State budget revenue in Jan-Nov drops over 7%

State budget revenue in the year to end-November had declined by 7.1% over the same period last year, according to the Ministry of Finance.

The total State budget revenue in the January-November period amounted to nearly VND1.54 quadrillion, equivalent to 94.9% of the 2023 estimate.

The central Government achieved around 96.3% of its projected budget, while local budget revenues met 93.2% of their projections.

Revenue from domestic sources reached over VND1.27 quadrillion, equivalent to 95.4% of the estimate and dropping by 3% year-on-year.

Despite the State budget revenue decline, the accumulated budget expenditure between January and November totaled nearly VND1,503 trillion, equivalent to 72.4% of the estimate and increasing by 10.9% year-on-year.

Of the total budget spending, development investment amounted to an estimated VND461 trillion, up 36.4% year-on-year, while regular spending was VND953 trillion, inching up 2.5%.

Debt payments were estimated to be around VND86.4 trillion, showing a 3.4% increase compared to the same period last year.

HCMC achieves 59% of site clearance disbursement in Jan-Nov

HCMC had disbursed about VND15,600 billion in site clearance compensation for public investment projects in the year to November 30, achieving 59% of the full-year target, according to a recent report from the HCMC Department of Environment and Natural Resources.

Districts 8, 1, 12, Tan Binh, and Phu Nhuan were the top performers, with disbursement rates exceeding 90%. In contrast, 10 other districts reported disbursement rates of 50% to below 90%.

However, District 6, Tan Phu, Thu Duc City, and Can Gio fell below the 50% threshold. Tan Phu District’s disbursement rate was just over 23% by the end of November. The district faces the challenge of disbursing VND209 billion out of the outstanding amount, as residents do not agree with the compensation policy.

District 3 has not disbursed VND423 billion for those affected by the Metro No. 2 project, as it awaits a conclusion from the HCMC People’s Committee for further proceeding.

The department expected that District 5, through resource mobilization efforts, could raise its disbursement rate to over 90%.

Thu Duc City received the largest funding allocation for site clearance compensation, with more than VND9,500 billion, constituting 36% of the city’s total.

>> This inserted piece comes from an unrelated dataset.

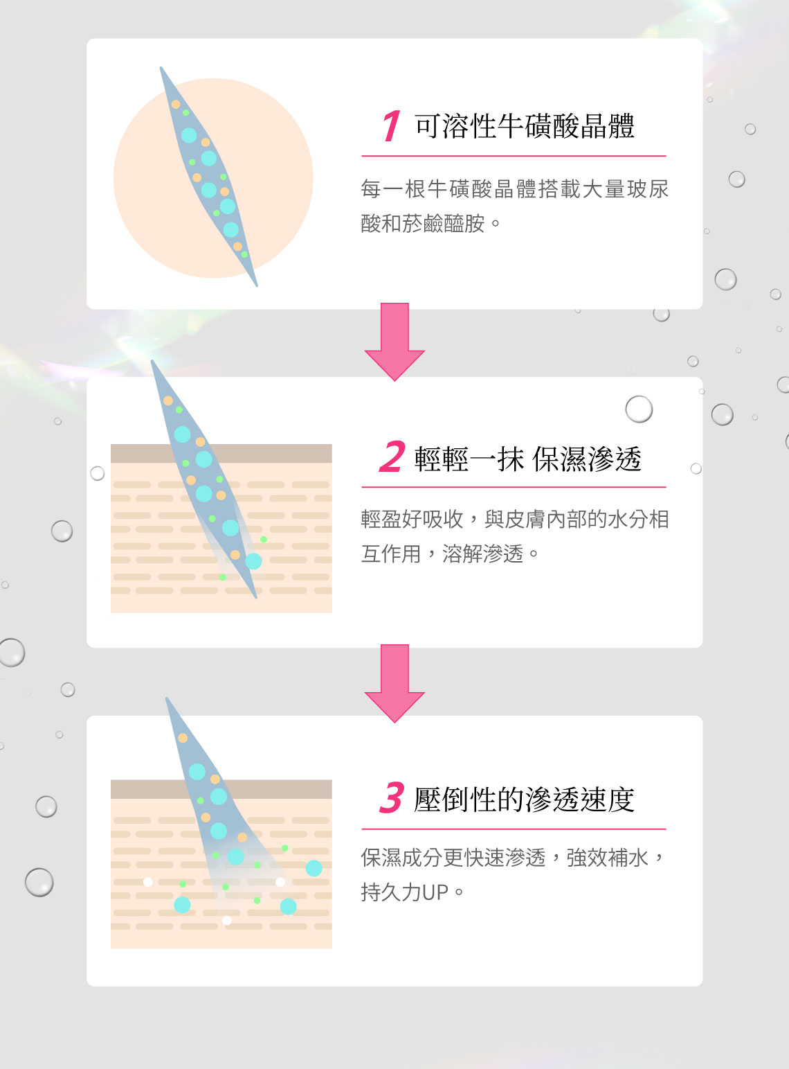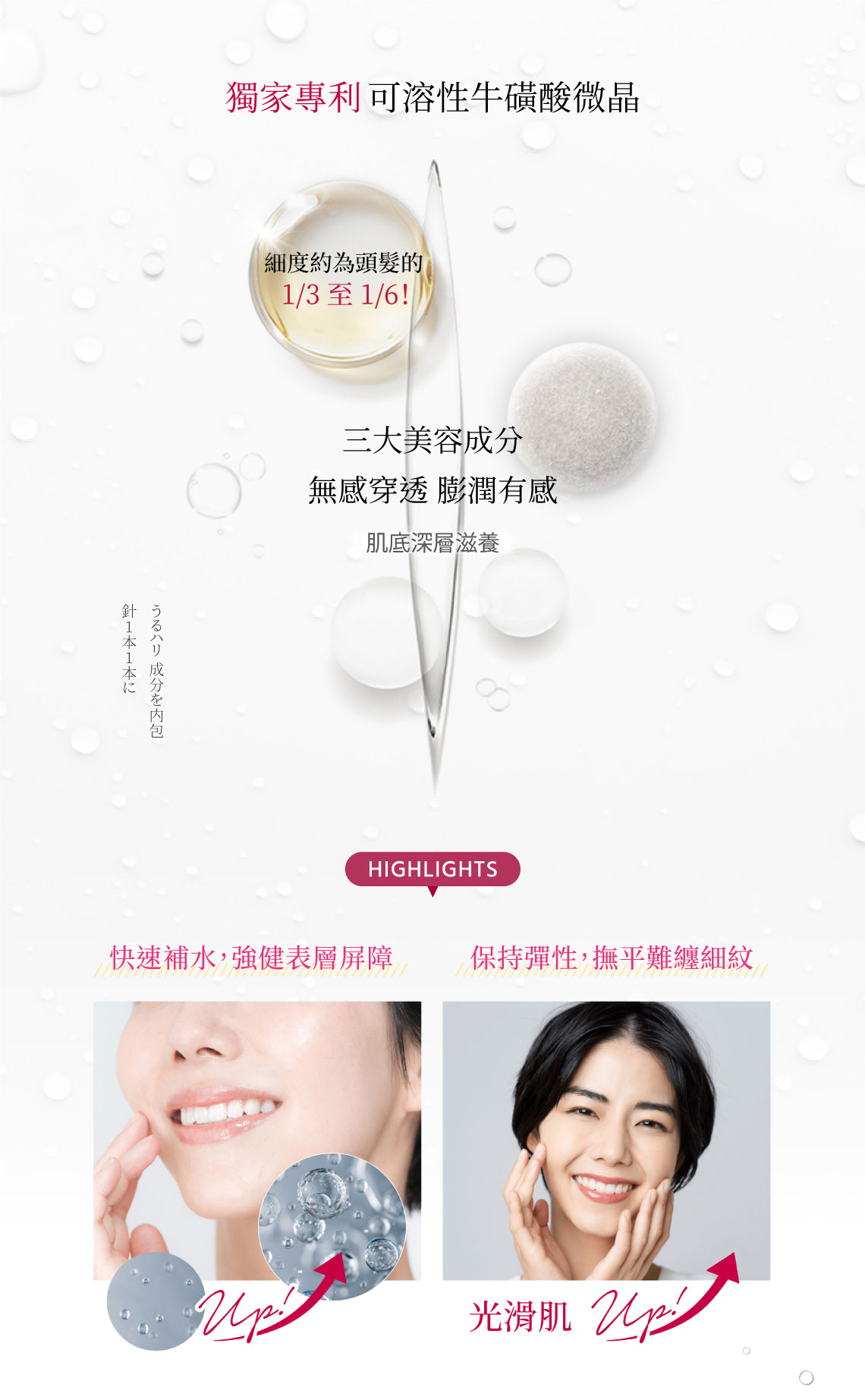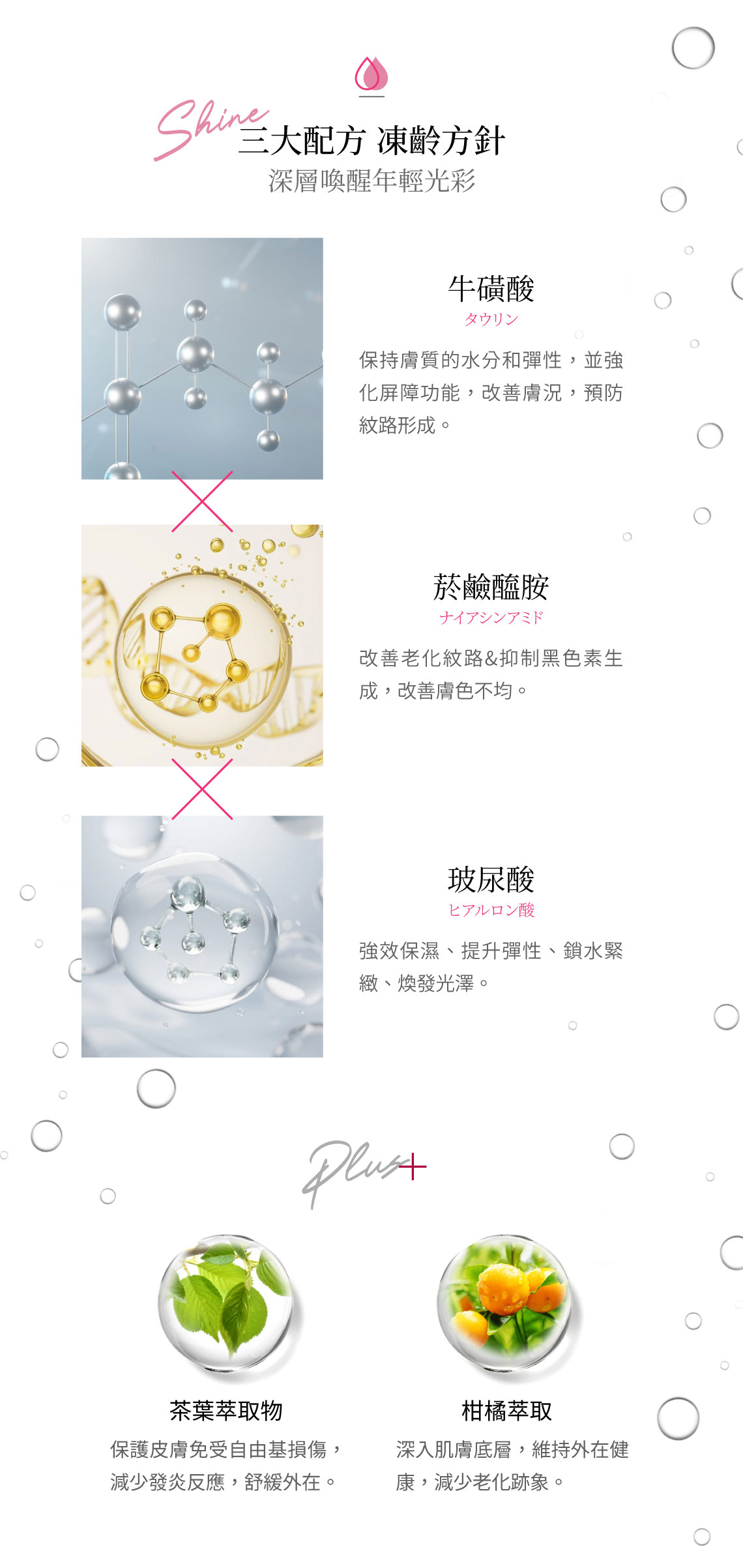 『針對紋路』牛磺酸、『最強保濕』玻尿酸、『對抗斑點』菸鹼醯胺

Although a substantial amount of VND4,200 billion has been disbursed in the city in recent months, the rate remains at 44%. The department anticipated that the disbursement rate for Thu Duc City could reach a maximum of 61% by the end of the year.

Given the need to disburse more than VND10,800 billion in the rest of the year and the target to disburse over 95% within the city, the department is expediting the resolution of issues related to irrigation projects along the Saigon River and a bus station in Cu Chi District.

The department has also proposed authorizing three districts – Nha Be, Hoc Mon and Cu Chi – to review available land for building resettlement areas.

Five major cities outline key economic targets for 2024

Vietnam’s five major cities are gearing up for economic expansion next year, with a strategic emphasis on digital transformation, green growth, and foreign investment attraction.

HCMC is aiming for a Gross Regional Domestic Product (GRDP) growth rate of 7.5-8% in 2024.

The southern metropolis plans to attract six million international tourists, achieve 100% of its state budget revenue target, and make the most of Resolution 98/2023/QH15 adopted by the National Assembly to bolster economic development. It also aspires to be among the top five localities with the highest digital transformation index.

The capital city of Hanoi has set a GRDP growth target of 6.5-7% for 2024. The city’s government plans to prioritize administrative reform, and improve the investment environment, and the city’s rankings in various economic competitiveness indices. These indices include the Vietnam Provincial Governance and Public Administration Performance Index (PAPI), the Provincial Competitiveness Index (PCI), the Public Administration Reform Index (PAR Index), and the Satisfaction Index of Public Administrative Services (SIPAS).

Danang, knowned for its tourism and logistics, envisions two growth scenarios for 2024. In the first scenario, the central coastal city aims for a GRDP growth ranging from 7-7.5%. This includes an 8-8.5% increase in value added in the service sector and a 3.4-3.8% rise in the industrial-construction sectors. The agricultural-forestry-fishery sector is projected to expand by 2-2.5%.

In the second, more ambitious scenario, Danang looks to obtain GRDP growth of 8-8.5%, anticipating an 8.5-9% expansion in the service sector, a 6-6.5% rise in the industrial-construction sectors, and a 2-2.5% increase in the agricultural-forestry-fishery sector.

The northern port city of Haiphong is eyeing a double-digit GRDP growth rate of 11.5-12% in 2024. To achieve this, the city plans to broaden its economic scope, innovate its growth model, and restructure its economy around the high-tech industry, seaport-logistics, and tourism-trade.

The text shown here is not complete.